Collection entries

────

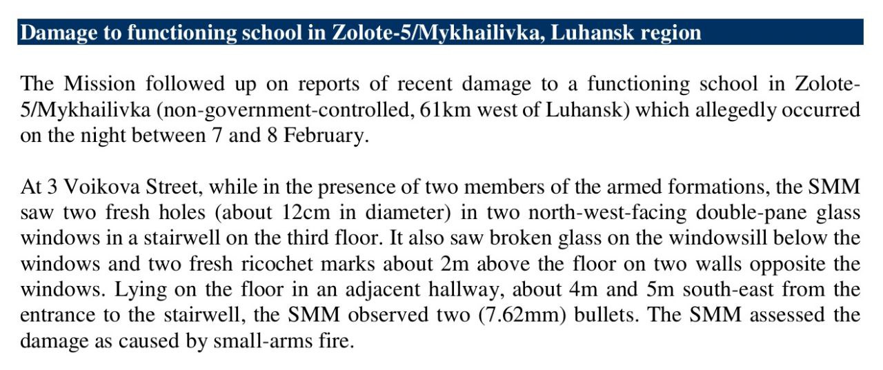 "Миссия уточняла сообщения о недавних повреждениях действующей школы в с. Золотое-5 / Михайловка (неподконтрольный правительству, 61 км к западу от Луганска), которые предположительно произошли в ночь с 7 на 8 февраля. На улице Войкова, 3, в присутствии двух членов вооруженных формирований, наблюдатели видели две свежие дыры (около 12 см в диаметре) в двух окнах с двойным стеклопакетом, выходящих на северо-запад, в подъезде на третьем этаже. Также было замечено разбитое стекло на подоконнике под окнами и две свежие рикошетные отметины примерно в 2 м над полом на двух стенах напротив окон. Лежа на полу в соседнем коридоре, примерно в 4 м и 5 м к юго-востоку от входа на лестничную клетку, наблюдатели видели две пули (7,62 мм). По оценке СММ, повреждения причинены огнем из стрелкового оружия".
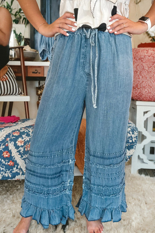 Elevate your everyday with these wide leg chambray pants featuring a flattering high-rise fit and playful ruffled hem. Soft, breathable, and effortlessly stylish, these pants offer the perfect balance of structure and ease. Dress them up with a tucked-in blouse or go casual with a tee and sneakers — either way, they bring an airy, feminine feel to your closet staples.
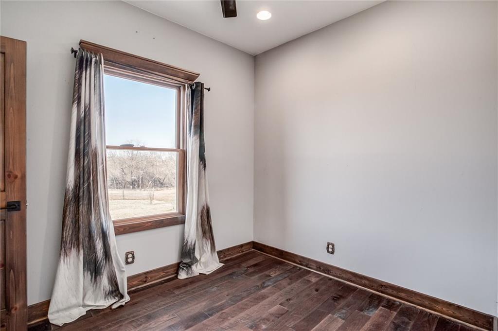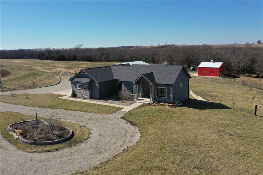 Gorgeous dream home located on 20 +/- picturesque acres. Expect to be impressed upon entering this 4 bedroom, 4 bath ranch. Open floor plan, reclaimed hardwood floors throughout main living area, vaulted ceilings, an abundance of natural light, solid wood doors and upgraded lighting. Great room featuring floor to ceiling stone fireplace, open to stunning kitchen boasting GE Cafe appliances, custom cabinetry with marble pulls and knobs, granite countertops, pot filler, gas stove and walk-in pantry. Large island and dining space to accommodate all of your family and friends making it perfect for hosting gatherings. Step outside to your private deck for enjoying the fabulous sunsets. Great master suite with vaulted ceiling, double vanity, separate shower, relaxing soaking tub and huge walk-in closet. Two additional spacious bedrooms on main level as well. Full finished walk-out lower level complete with wet bar, huge family/rec room, plenty of windows, 4th bedroom, full bathroom, safe room, plus unfinished space for storage. The property also features a 30x50 insulated shop with 200 AMP power, concrete floor, large wood burning stove, 2 separate garage doors (in/out) plus three 16x20 bays with lighting. Newly added 30x34 2 stall stable with commodity area and 30x10 lean to for additional equipment storage or animal cover. The cutest custom chicken house stays too. This remarkable property is not only beautiful, but it virtually has it all! Perfect farm space for cattle or horses, abundance of wildlife, trails through the timber down by the creek and fish in the pond. It is a sanctuary retreat by day and night all year long! Serene environment to call home! All located on hard-surface road. Easy commute to Lawrence, 15 minute commute to Baldwin City and Topeka!
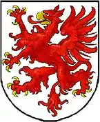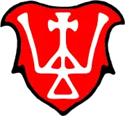- Корогва (прапор), поділений на три частини (Тілезіус, Салєт).
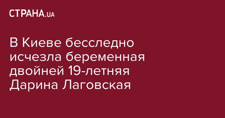 В Киеве, во вторник, 26 июля, пропала беременная двойней 19-летняя Дарина Лаговская, которая специально приехала в столицу за неделю до предполагаемых родов. Об этом на своей странице в социальной сети Facebook сообщила Эмма Шиманович. В первые полчаса после публикации сообщения о пропаже беременной девушки, сообщение набрало более 200 репостов.
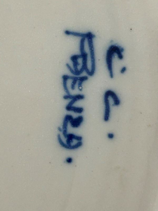Piatto in ceramica con paesaggio fluviale nel cavetto e grottesche alla tesa

────

=== Problem to work on ===
The response should repeat each record precisely and contain no pictures.

=== Response to the task ===
 "Миссия уточняла сообщения о недавних повреждениях действующей школы в с. Золотое-5 / Михайловка (неподконтрольный правительству, 61 км к западу от Луганска), которые предположительно произошли в ночь с 7 на 8 февраля. На улице Войкова, 3, в присутствии двух членов вооруженных формирований, наблюдатели видели две свежие дыры (около 12 см в диаметре) в двух окнах с двойным стеклопакетом, выходящих на северо-запад, в подъезде на третьем этаже. Также было замечено разбитое стекло на подоконнике под окнами и две свежие рикошетные отметины примерно в 2 м над полом на двух стенах напротив окон. Лежа на полу в соседнем коридоре, примерно в 4 м и 5 м к юго-востоку от входа на лестничную клетку, наблюдатели видели две пули (7,62 мм). По оценке СММ, повреждения причинены огнем из стрелкового оружия".
 Elevate your everyday with these wide leg chambray pants featuring a flattering high-rise fit and playful ruffled hem. Soft, breathable, and effortlessly stylish, these pants offer the perfect balance of structure and ease. Dress them up with a tucked-in blouse or go casual with a tee and sneakers — either way, they bring an airy, feminine feel to your closet staples.
 Gorgeous dream home located on 20 +/- picturesque acres. Expect to be impressed upon entering this 4 bedroom, 4 bath ranch. Open floor plan, reclaimed hardwood floors throughout main living area, vaulted ceilings, an abundance of natural light, solid wood doors and upgraded lighting. Great room featuring floor to ceiling stone fireplace, open to stunning kitchen boasting GE Cafe appliances, custom cabinetry with marble pulls and knobs, granite countertops, pot filler, gas stove and walk-in pantry. Large island and dining space to accommodate all of your family and friends making it perfect for hosting gatherings. Step outside to your private deck for enjoying the fabulous sunsets. Great master suite with vaulted ceiling, double vanity, separate shower, relaxing soaking tub and huge walk-in closet. Two additional spacious bedrooms on main level as well. Full finished walk-out lower level complete with wet bar, huge family/rec room, plenty of windows, 4th bedroom, full bathroom, safe room, plus unfinished space for storage. The property also features a 30x50 insulated shop with 200 AMP power, concrete floor, large wood burning stove, 2 separate garage doors (in/out) plus three 16x20 bays with lighting. Newly added 30x34 2 stall stable with commodity area and 30x10 lean to for additional equipment storage or animal cover. The cutest custom chicken house stays too. This remarkable property is not only beautiful, but it virtually has it all! Perfect farm space for cattle or horses, abundance of wildlife, trails through the timber down by the creek and fish in the pond. It is a sanctuary retreat by day and night all year long! Serene environment to call home! All located on hard-surface road. Easy commute to Lawrence, 15 minute commute to Baldwin City and Topeka!
- Корогва (прапор), поділений на три частини (Тілезіус, Салєт).
 В Киеве, во вторник, 26 июля, пропала беременная двойней 19-летняя Дарина Лаговская, которая специально приехала в столицу за неделю до предполагаемых родов. Об этом на своей странице в социальной сети Facebook сообщила Эмма Шиманович. В первые полчаса после публикации сообщения о пропаже беременной девушки, сообщение набрало более 200 репостов.
Piatto in ceramica con paesaggio fluviale nel cavetto e grottesche alla tesa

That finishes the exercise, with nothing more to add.